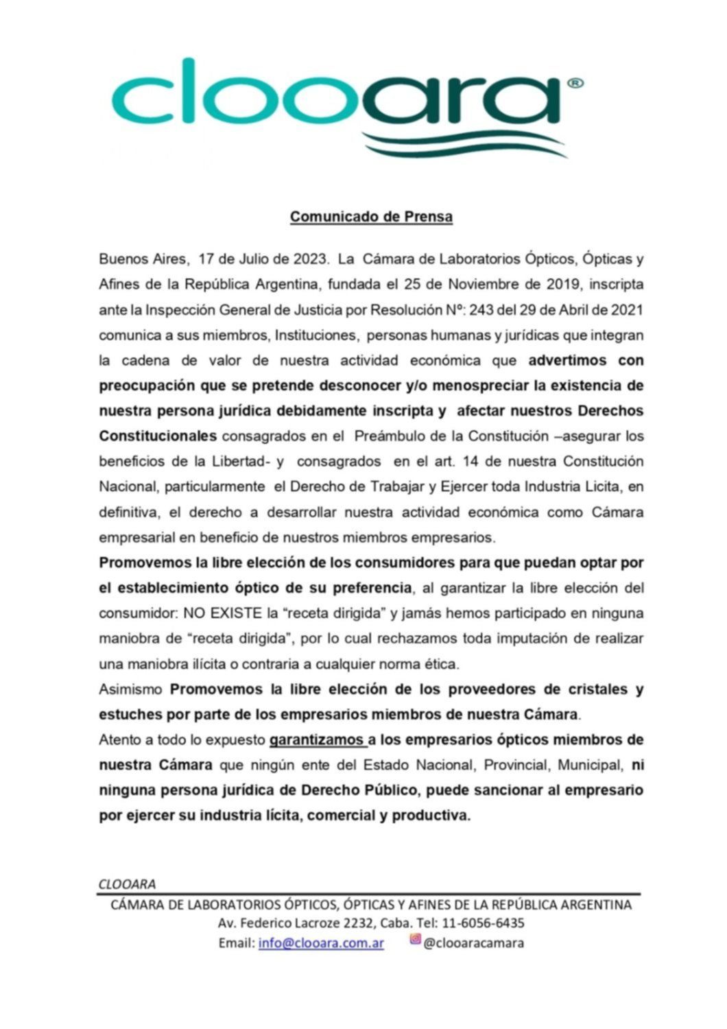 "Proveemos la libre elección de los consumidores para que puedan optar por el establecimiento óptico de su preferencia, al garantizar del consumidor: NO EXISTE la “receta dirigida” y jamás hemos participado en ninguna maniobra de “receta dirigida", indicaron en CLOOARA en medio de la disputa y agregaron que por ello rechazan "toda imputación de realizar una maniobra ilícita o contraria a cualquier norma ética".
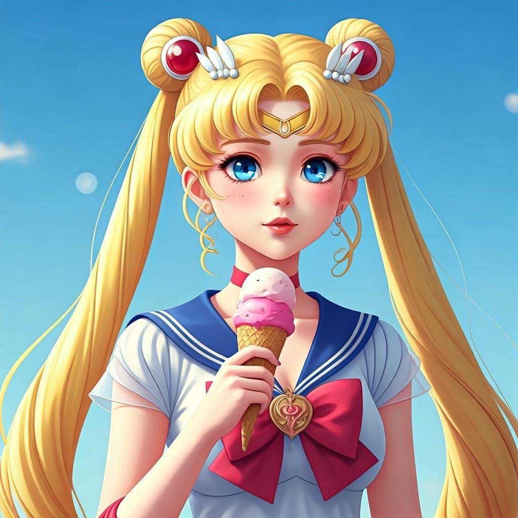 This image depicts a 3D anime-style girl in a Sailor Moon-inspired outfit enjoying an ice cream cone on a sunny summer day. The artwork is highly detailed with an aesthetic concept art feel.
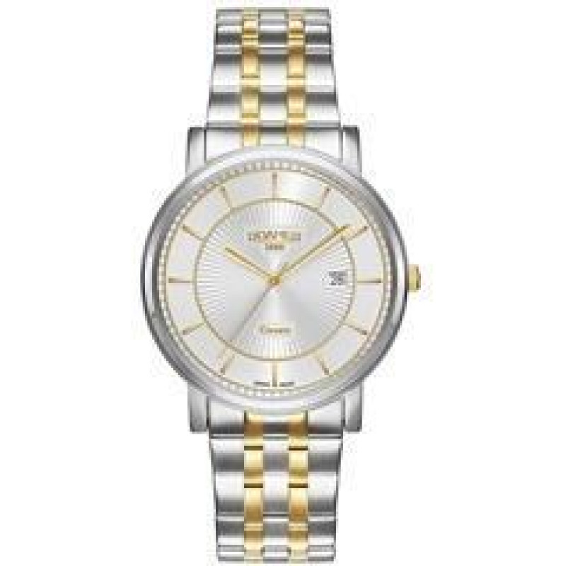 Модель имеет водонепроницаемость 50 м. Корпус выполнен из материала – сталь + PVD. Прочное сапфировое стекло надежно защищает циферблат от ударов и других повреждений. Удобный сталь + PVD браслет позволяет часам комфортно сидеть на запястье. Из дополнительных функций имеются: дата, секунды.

------------------------

EXERCISE BRIEF: Everything in the material above should be reproduced exactly, except the pictures.

REPLY:
 "Proveemos la libre elección de los consumidores para que puedan optar por el establecimiento óptico de su preferencia, al garantizar del consumidor: NO EXISTE la “receta dirigida” y jamás hemos participado en ninguna maniobra de “receta dirigida", indicaron en CLOOARA en medio de la disputa y agregaron que por ello rechazan "toda imputación de realizar una maniobra ilícita o contraria a cualquier norma ética".
 This image depicts a 3D anime-style girl in a Sailor Moon-inspired outfit enjoying an ice cream cone on a sunny summer day. The artwork is highly detailed with an aesthetic concept art feel.
 Модель имеет водонепроницаемость 50 м. Корпус выполнен из материала – сталь + PVD. Прочное сапфировое стекло надежно защищает циферблат от ударов и других повреждений. Удобный сталь + PVD браслет позволяет часам комфортно сидеть на запястье. Из дополнительных функций имеются: дата, секунды.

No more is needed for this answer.